▶ _Task details_:
From the line that contains "Военнопленные, трофейные карточки." through the last line of the data, copy everything exactly and nothing else, omitting the pictures.

▶ _Provided material_:
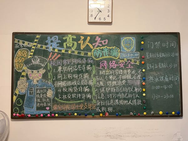 在当今数字化时代,网络已经深入大学生的学习和生活,但与此同时,网络诈骗也日益猖獗,网络安全问题频发。伟德国际1946学生党支部敏锐地意识到提高同学们网络安全意识的重要性,希望通过在宿舍楼下绘制黑板报这种直观且贴近学生生活的方式,让同学们在日常出入宿舍时就能接受到相关知识的普及。
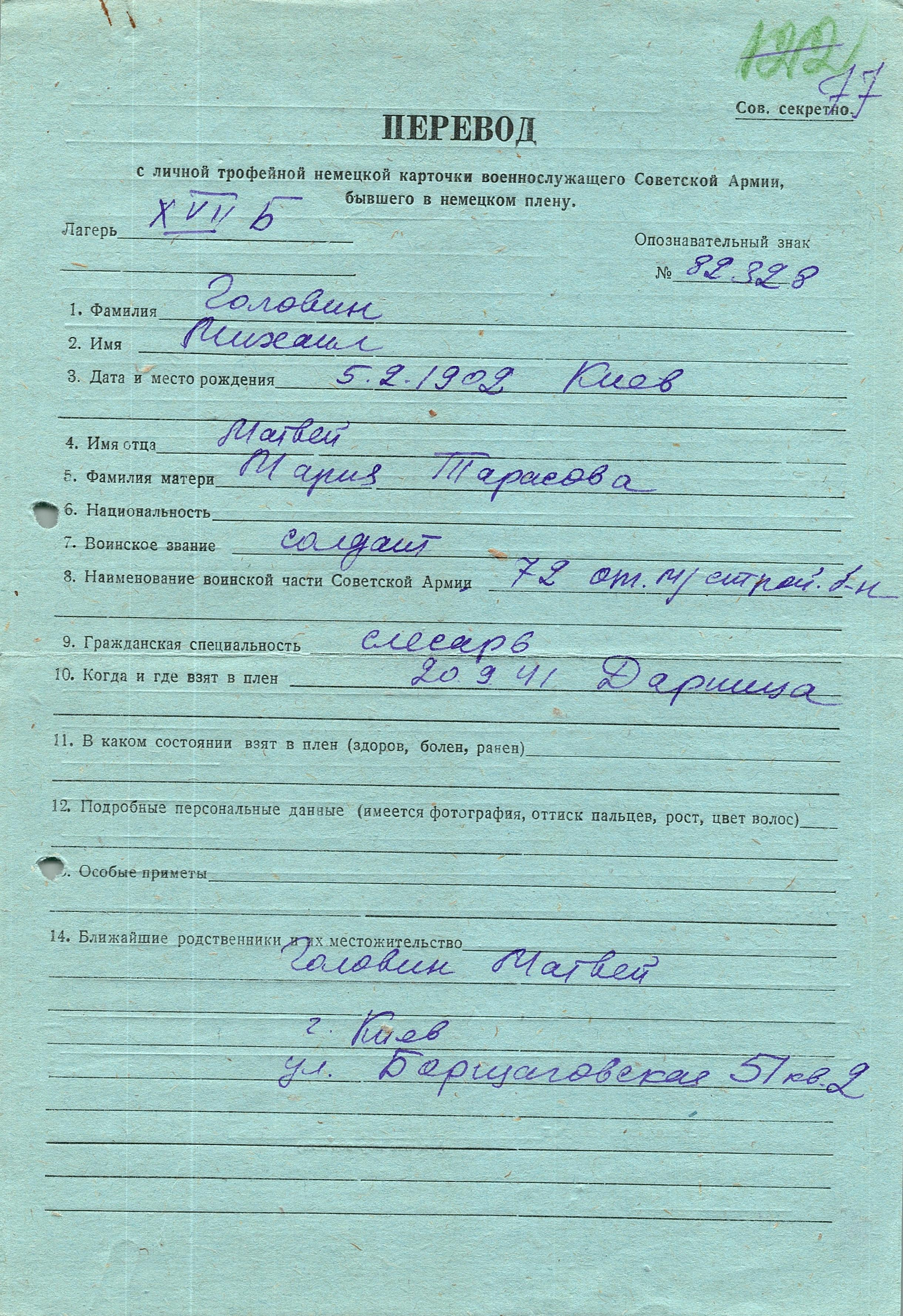 Военнопленные, трофейные карточки. Киевская обл.
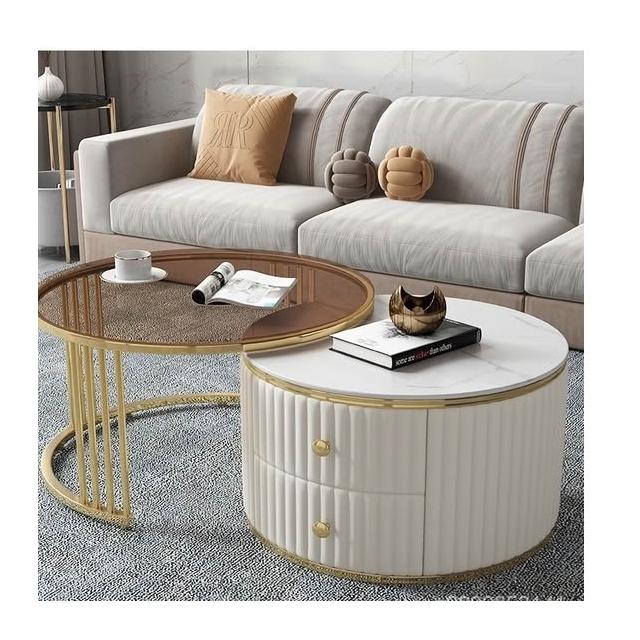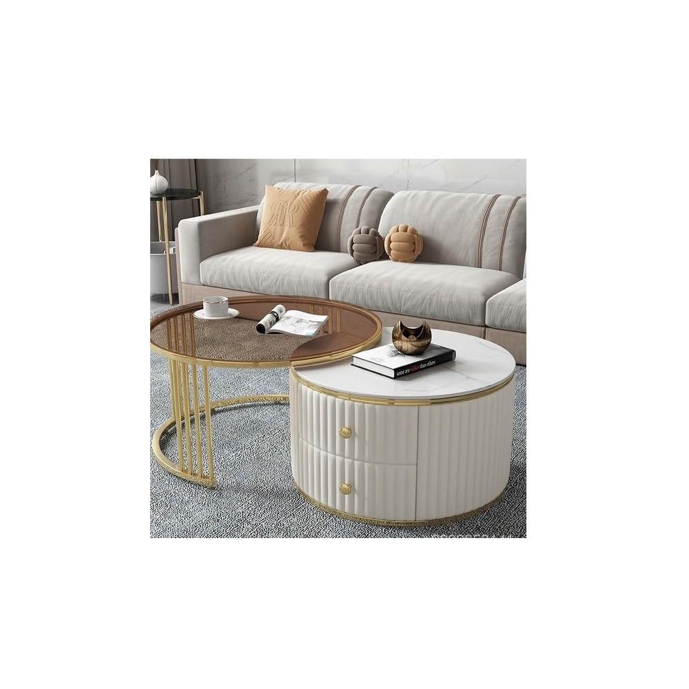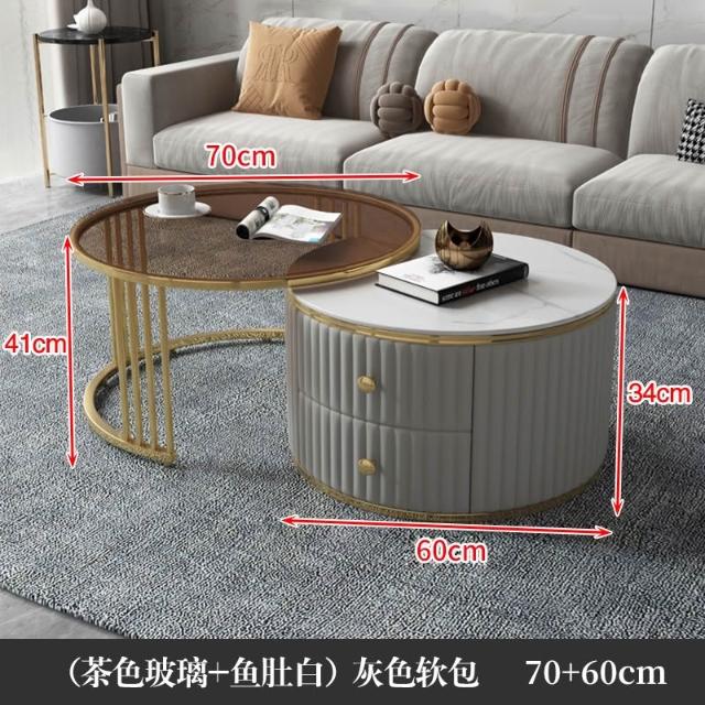 免運茶幾客廳家用小戶型輕奢現代簡約圓形移動小茶桌陽台岩板茶台組合

▶ _Answer for the task_:
 Военнопленные, трофейные карточки. Киевская обл.
 免運茶幾客廳家用小戶型輕奢現代簡約圓形移動小茶桌陽台岩板茶台組合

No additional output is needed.